Um pensamento em “CRÓNICAS DO VALE DE SANTARÉM – O PINHEIRO DAS AREIAS”

  1. O Joaquim Pinheiro, meu amigo das andanças da Escola Industrial e Comercial de Santarém, mandou-me mensagem pelo correio electrónico que não podia deixar de trazer aqui. Diz ele:

    “Acabei de ler o teu artigo sobre o Pinheiro do Vale de Santarém. De facto, desprezado, tem a morte anunciada. Merecia que alguém lhe desse uma atenção especial. O pinheiro é uma árvore bastante resistente. Se não estiver atacado por umas doenças que andam por aí, pode ser que ainda dure mais uns bons pares de anos. Andei por aqui a ver se achava alguma coisa. Só me apareceu isto:

    http://www.arvoresdeportugal.net/

    Não vi grande coisa mas contacta-os. Na página inicial têm um pedido de informação de árvores monumentais. O Pinheiro do Vale cabe lá.

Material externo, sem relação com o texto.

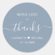 Chic bleu poussiéreux autocollant de remerciement pour vos faveurs de mariage et cartes de remerciement avec "With Love + Thanks" en simple typographie blanche et un élégant script blanc avec des swashes, vos prénoms unis par un coeur et votre date mariage.
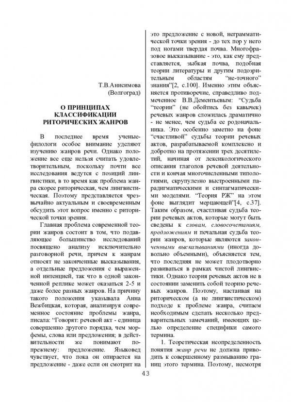 Анисимова, Т. В. О принципах классификации риторических жанров / Т. В. Анисимова. - Текст : непосредственный // Речевое общение. - 2000. - Вып. 2 (10). - С. 43-48. - Библиогр. в конце ст. - ISSN 1682-3923.

    O mês passado, no fim de um almoço/passeio, fui ver umas oliveiras perto de Pernes. Foi delas que, no século XVII, foram retirados os rebentos (não me recordo agora o nome técnico) que foram plantados no Brasil e pelas Américas. Todas as oliveiras velhas da América do Sul e Central, foram da nossa região. Há no Bairro de D. Constança, perto de Tremês, uma oliveira que terá perto de 2000 anos. Essa conheço-a”.

    Pelas achegas e, por mais uma vez, teres vindo visitar-me, grande abraço de obrigado Joaquim… Pinheiro.